Cardiac cell damage significantly decreased in rats receiving different doses of cranberry extract reduced compared to those receiving MET. As a result of heart damage, the level of cTnI, one of the most reliable and common biomarkers, increased. However, the effects and longevity of cranberry extract were not permanent. After stopping the administration of this extract, the values of the cTnI parameter were higher in the group receiving 150 doses of this extract in the sixth week than in the negative control group. This implies that the stability of cranberry extract is short, and it should be consumed for a more prolonged period (Henri et al., 2016; O'brien et al., 2006).

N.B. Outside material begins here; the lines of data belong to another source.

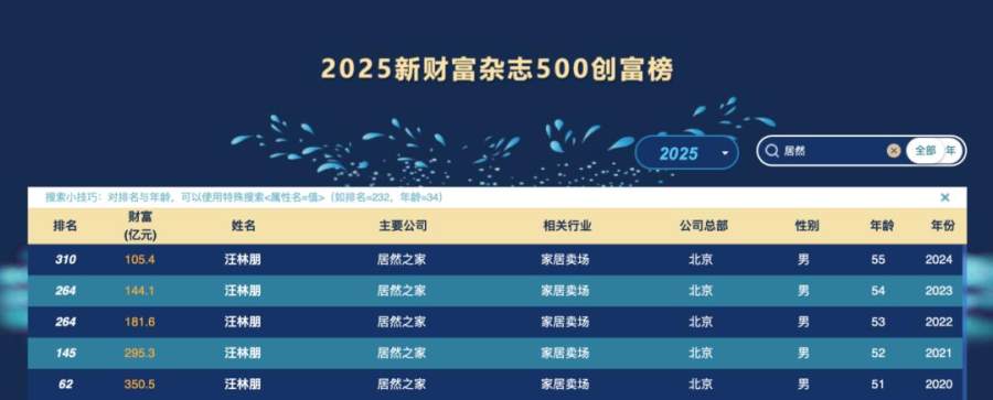 而受行业下行、公司业绩波动等多重因素影响,身为居然智家原掌舵者的汪林朋,其去年在《新财富杂志500创富榜》的财富较巅峰时期缩水约245亿元,今年更是直接跌出该榜单,财富缩水态势进一步恶化。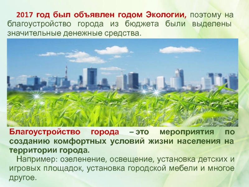 Благоустройство города – это мероприятия по созданию комфортных условий жизни населения на территории города.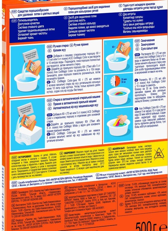 Пятновыводитель Ace OxiMagic Color - это порошкообразное средство для удаления пятен с цветных вещей. Активные компоненты справляются даже с трудновыводимыми пятнами, при этом цвет сохраняет свою яркость, а сама ткань не деформируется и не повреждается. Подходит для ручной и автоматической стирки (добавляется к стиральному порошку), а также для предварительного замачивания (при незначительных загрязнениях достаточно замочить белье на 30 минут, при особо сильных - на ночь). После использования пятновыводител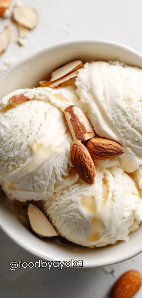 - Serve: Scoop the ice cream into bowls or cones. Sprinkle the reserved toasted almonds on top for crunch and garnish. This ice cream pairs well with fresh berries, a drizzle of almond butter, or a sprinkle of cinnamon for extra flavor.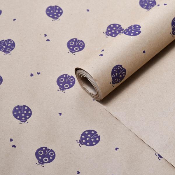 Крафт бумага "Божья коровка" фиолетовый цв. на коричневом 70 см*8,5 ярд ± 5%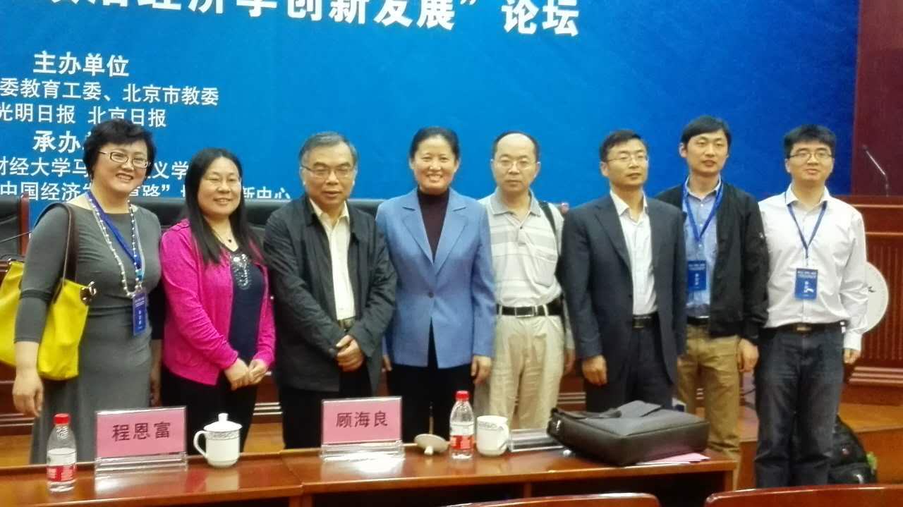 5月6日,beat365政治经济学系齐兰老师、冯春安老师、林光彬老师、韩金华老师、张维闵老师、尹志锋老师、何召鹏老师参加了于我校举行的“北京高校中国特色社会主义理论体系研究协同创新中心授牌仪式暨中国特色社会主义政治经济学创新发展论坛”。在上午的专家主题报告环节,齐兰老师做了题为《新发展理念与中国经济及产业发展实践的新探索》的学术演讲;在下午举行的圆桌论坛上,林光彬老师做了题为《全球视野的中国政治经济学演进与创新发展》的学术演讲。两位老师的演讲内容详实,观点新颖,引起了与会师生的广泛共鸣。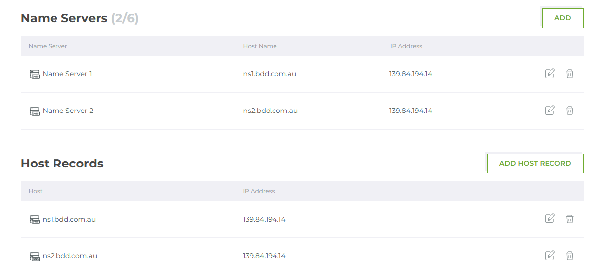 the new ones; ns1.bdd.com.au and ns2.bdd.com.au. You must also add the A records for those new ns subdomains.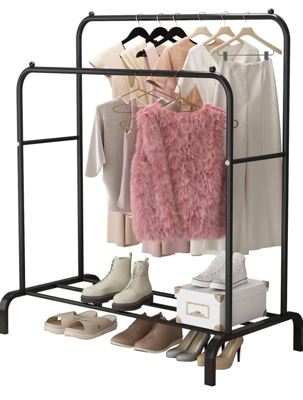 Garment Rack Freestanding Hanger Double Rods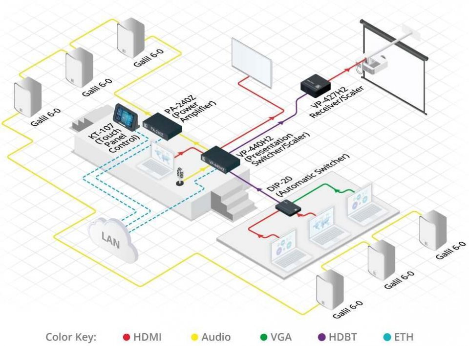 • Sisääntulot: 3 x HDMI, 1 x VGA, 1 x HDBT (RJ45), 1 x 3.5 mm mini jack, 1 x 6.3 mm jack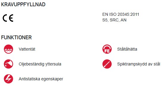 - Motverkar risk för: Tåskador, spikpenetration, blöta fötter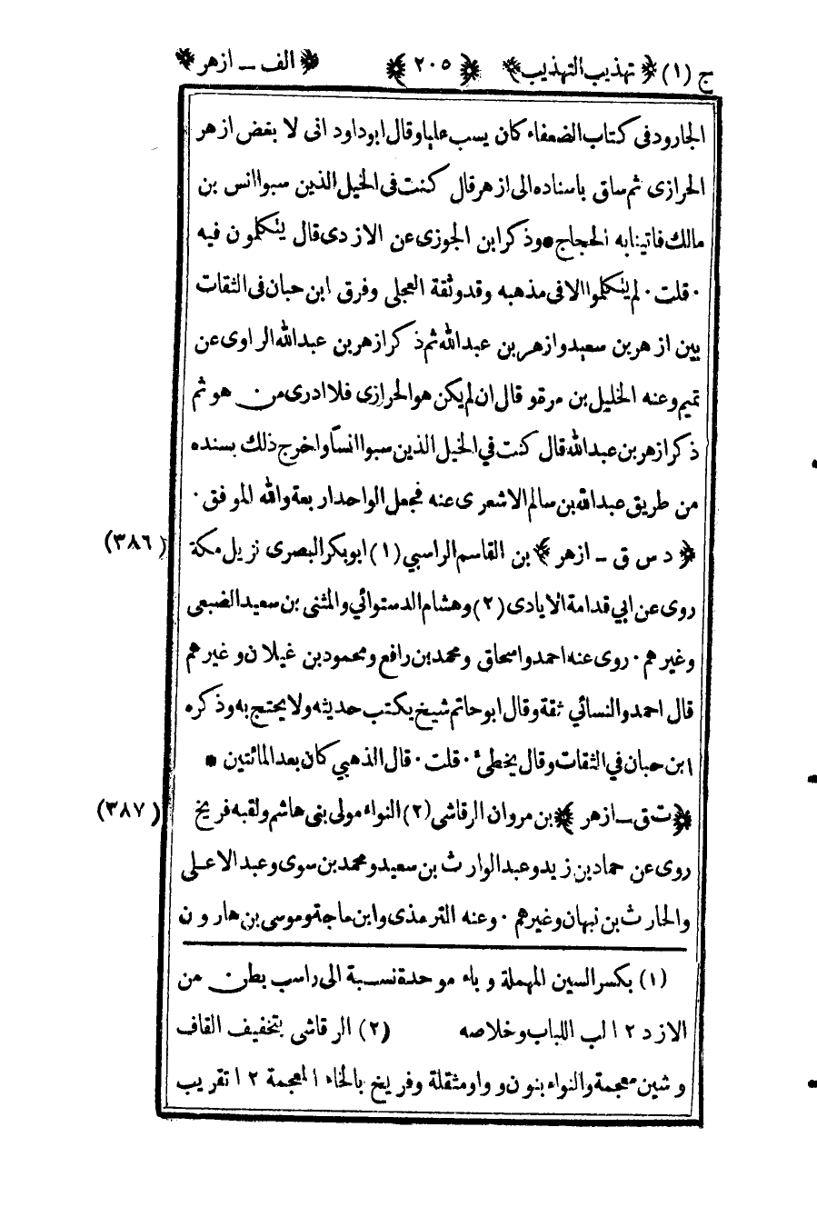 386 ـ "د س ق - أزهر" بن القاسم الراسبي1 أبو بكر البصري نزيل مكة روى عن أبي قدامة الأيادي وهشام الدستوائي والمثنى بن سعيد الضبعي وغيرهم. روى عنه أحمد وإسحاق ومحمد بن رافع ومحمود بن غيلان وغيرهم. قال أحمد والنسائي: "ثقة" وقال أبو حاتم: "شيخ يكتب حديثه ولا يحتج به" وذكره ابن حبان في الثقات وقال: "يخطئ". قلت: "قال الذهبي: كان بعد المائتين".

In Kharadi et al.'s study, the administration of Allium cepa aqueous extract at a dose of 400 mg/kg resulted in the recovery of increased parameters (troponin I, CK-MB, and AST; Kharadi et al., 2016). In our study, the administration of cranberry extract in 75, 100, and 150 doses led to the recovery of the aforementioned parameters, especially in the fourth week. The recovery of troponin I, CK-MB, and AST by this extract was significant in the present study.

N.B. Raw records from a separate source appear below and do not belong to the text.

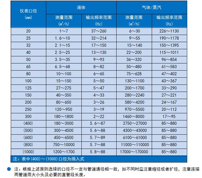 工况体积测量范围表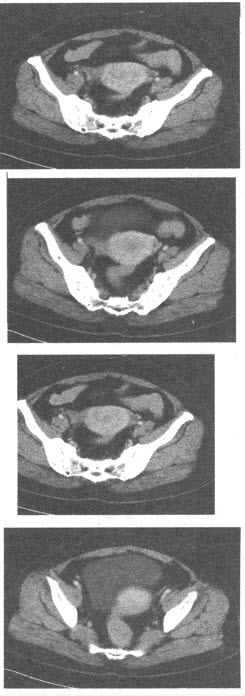 女,65岁,绝经后不规则阴道流血2个月,根据所提供的CT图像,最可能的诊断是()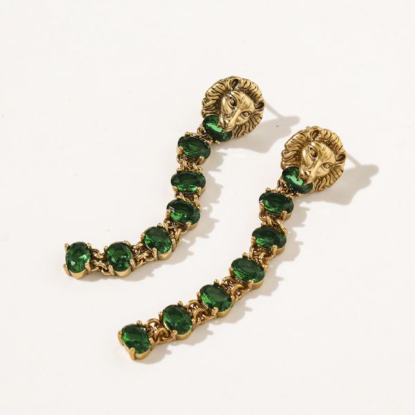 ladies fashion jewelry ancient family double long earrings temperament net red lion head earrings female, Golden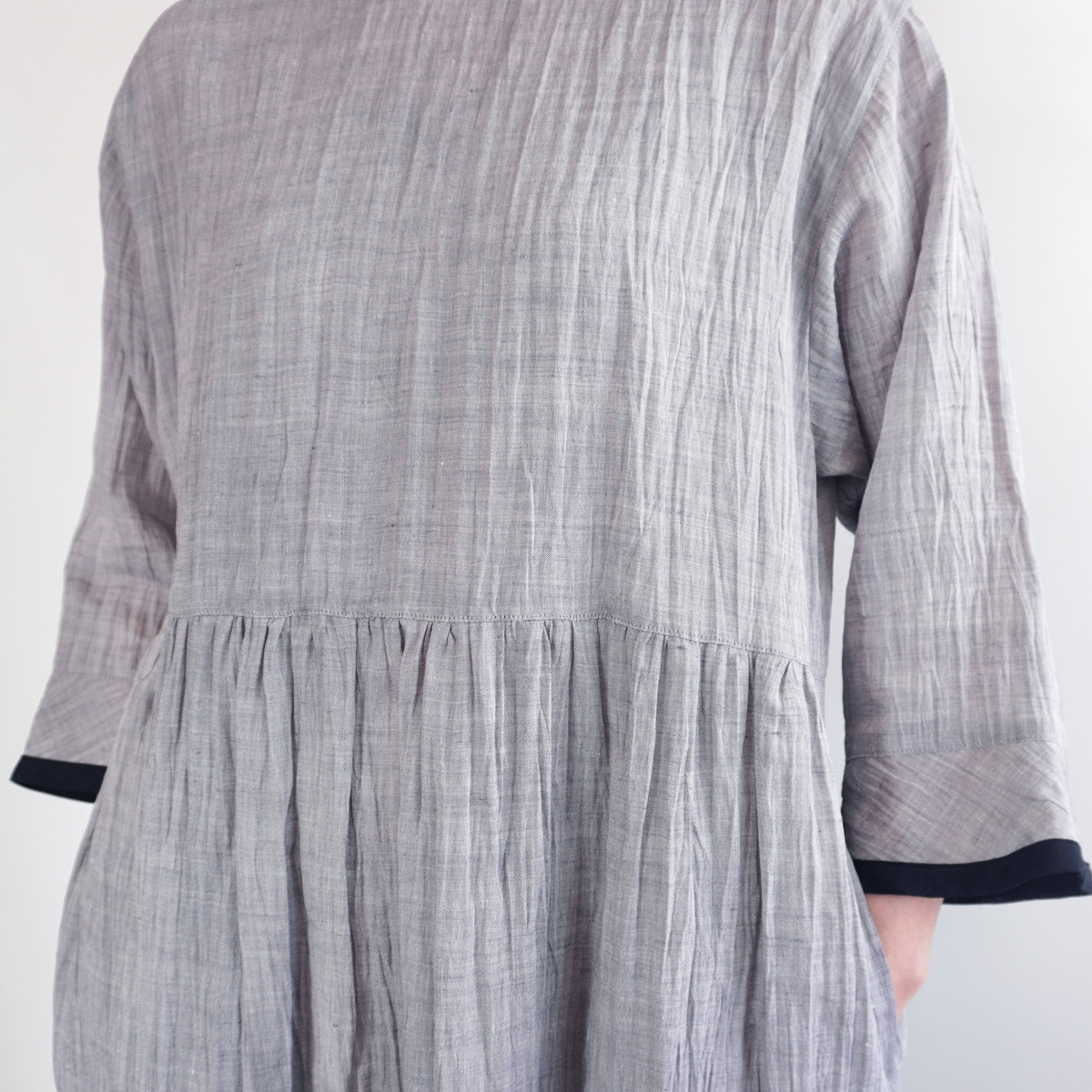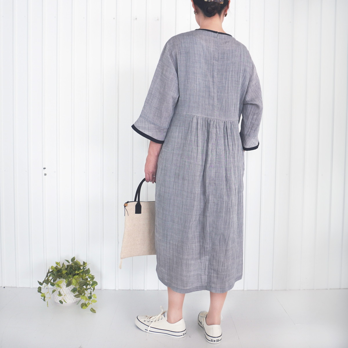 | 商品名 | 縮 配色ギャザーワンピース | デザイン | 色 | 淡鼠 | |

CK enzymes, especially CK-MB, convert ATP into ADP and transfer energy to cardiac myosin filaments. The sensitivity of CK-MB measurement is 95% in many studies, and it is a highly specific marker in confirming cardiac damage (Hettling & van Beek, 2011; Muralidharan et al., 2008). A remarkable increase in this enzyme was observed in the studied rats with heart damage. While the level of this enzyme decreased in rats receiving different doses of cranberry extract. This implies that cranberry extract is a strong cardiac protector inhibiting cardiac necrosis caused by MET.
5 CONCLUSION
It can be concluded that consuming cranberry extract with its effect on heart function can effectively correct serum indicators related to heart damage. The tested extract effectively improved heart damage by reducing the release of these serum factors. As the effect of this extract was not stable, after stopping the administration of this extract for 2 weeks, serum factors unfortunately reincreased in the sixth week, suggesting that the used extract was also effective; however, its effects were not stable. Accordingly, it is recommended to be used synergistically with other chemical and herbal medicines to achieve more prolonged effects.
AUTHOR CONTRIBUTIONS
Kimia Salmasi: Conceptualization (equal); data curation (equal); formal analysis (equal); investigation (equal); methodology (equal); project administration (equal); resources (equal); validation (equal). Ali Hassanpour: Conceptualization (equal); data curation (equal); formal analysis (equal); funding acquisition (equal); investigation (equal); methodology (equal); project administration (equal); resources (equal); software (equal); supervision (equal); validation (equal); visualization (equal); writing – original draft (equal); writing – review and editing (equal). Bahram Amouoghli Tabrizi: Conceptualization (equal); data curation (equal); formal analysis (equal); investigation (equal); methodology (equal). Sina Moghaddam: Conceptualization (equal); data curation (equal); formal analysis (equal); investigation (equal); methodology (equal); project administration (equal); resources (equal); software (equal); supervision (equal); validation (equal); visualization (equal); writing – original draft (equal); writing – review and editing (equal).
ACKNOWLEDGMENTS
The authors would like to thank Tabriz Medical Sciences Branch, Islamic Azad University for the support of this research, which is based on a research project contract.
FUNDING INFORMATION
Not applicable.
CONFLICT OF INTEREST STATEMENT
The authors report no conflict of interest.
ETHICS STATEMENT
The protocol of this study was developed according to the ethical principles approved by the international committees for the protection of the rights of laboratory animals (Code: IR.IAU.TABRIZ.REC.1400.120).
Open Research
DATA AVAILABILITY STATEMENT
All the data supporting the findings of this study are included in the article.